While digital transformation has been painful for many news organisations, it’s been amazing for news junkies like me. I can now access a range of titles from around the world. I can also follow politicians, CEOs, and other influencers, bringing a whole new layer of information to the mix.
Even if you don’t consider staying up on current affairs as business-critical, media monitoring should be an integral part of any communications or content production operation.
The content sweet spot
Media monitoring is a key step in Tale’s Newsdesk content management model, for example. In regular editorial planning meetings, media monitoring results come together with client insights and messaging guidance. And we love it when clients get proactive and come ready to share what they think are relevant articles from their own feeds.
Combining an understanding of what clients want to say with intelligence about what’s making headlines makes it possible to find the “content sweet spot” – where and how your message overlaps with audience needs and expectations. Content generated in this sweet spot is immediately relevant, giving you the chance to quench the audience’s thirst for more information about what’s currently top of mind.
Chances are, some form of headline scrolling is already a part of your day. But how to make it part of your process so that you’re able to keep track of the right topics without drowning in a never-ending flood of headlines? Here are a few practical suggestions to consider for anyone working in communications who is looking for ways to find their content sweet spot.
Media monitoring services
One option is subscribing to a media monitoring or business intelligence service like Meltwater or Cision. They can provide you with access to a range of quality publications – including trade media – and have functions that allow you to set up searches for different topics or keywords.
Google News Alerts
If your budget is tight, or you’re looking for a quick and simple way to experiment with media monitoring, Google News Alerts is an excellent option. It’s totally free, extremely flexible, and easy to set up.
I currently have alerts set up for several key topics for three different clients. And every morning I have an email waiting for me with a manageable list of headlines (15-40). Within minutes I’ve got a decent overview of what’s “making news”. I bookmark the articles that seem most relevant or detailed, building up a client-specific reference library in my browser to have at my fingertips for the next editorial planning meeting with my clients.

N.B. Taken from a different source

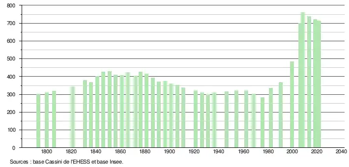 L'évolution du nombre d'habitants est connue à travers les recensements de la population effectués dans la commune depuis 1793. Pour les communes de moins de 10 000 habitants, une enquête de recensement portant sur toute la population est réalisée tous les cinq ans, les populations légales des années intermédiaires étant quant à elles estimées par interpolation ou extrapolation[21]. Pour la commune, le premier recensement exhaustif entrant dans le cadre du nouveau dispositif a été réalisé en 2008[22].

While things have been rocky at Twitter since Elon Musk’s takeover, it’s still a well-established platform with a lot of users. And you don’t have to be active to turn it into a useful media monitoring tool. One option is the tool Twitter helped make famous – the #hashtag. Searching on different hashtags can bring up a wide range of tweets on a given topic, but I find it a rather blunt tool.
Another feature is Twitter Lists, which allows you to create a list of accounts that regularly tweet about a given topic. The result is a curated feed of tweets that you can access in a couple of clicks knowing it will be filled with tweets about your chosen topic.

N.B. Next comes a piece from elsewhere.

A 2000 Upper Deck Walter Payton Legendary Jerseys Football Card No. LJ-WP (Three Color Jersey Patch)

LinkedIn also enables searches using hashtags, which have gained popularity in recent years. Just as with Twitter, hashtag searches can be a bit blunt, but they are also a good way to identify influencers and important voices on a given topic that you can then follow. Considering the slightly more professional nature of LinkedIn, it’s particularly useful when it comes to tracking thought leadership or employer branding conversations.
If you like getting news and story ideas delivered to your inbox, newsletters from trade publications, industry associations, or companies are another great media monitoring tool. While it’s important to consider what might colour their editorial choices, corporate newsletters can still provide free and useful inspiration for your own content.
Trade publications may charge for a newsletter subscription, but it’s often worth the investment to ensure you are on top of hot topics for that specific industry. Of course, your ambition should be to set up a content production and publishing operation that results in a “need to have” newsletter that gets your industry peers, prospective clients, and competitors to add their names to your list of subscribers.
Start media monitoring – now
Whether you like having news delivered to your inbox or spending a few minutes searching on hashtags and scrolling your feeds, the time is now to make media monitoring a must-have part of your content production process.
Set aside a morning (and perhaps some budget) to set up a structured approach to media monitoring for your client, brand, or topic. In some cases, daily updates might make sense. But it’s also possible that weekly or even monthly check-ins are sufficient, depending on your industry, existing processes, and content production ambitions.
Doing so can help generate ideas for new stories and angles, and increase the chances that your editorial choices help you hit the content “sweet spot” that connects your content to conversations that matter.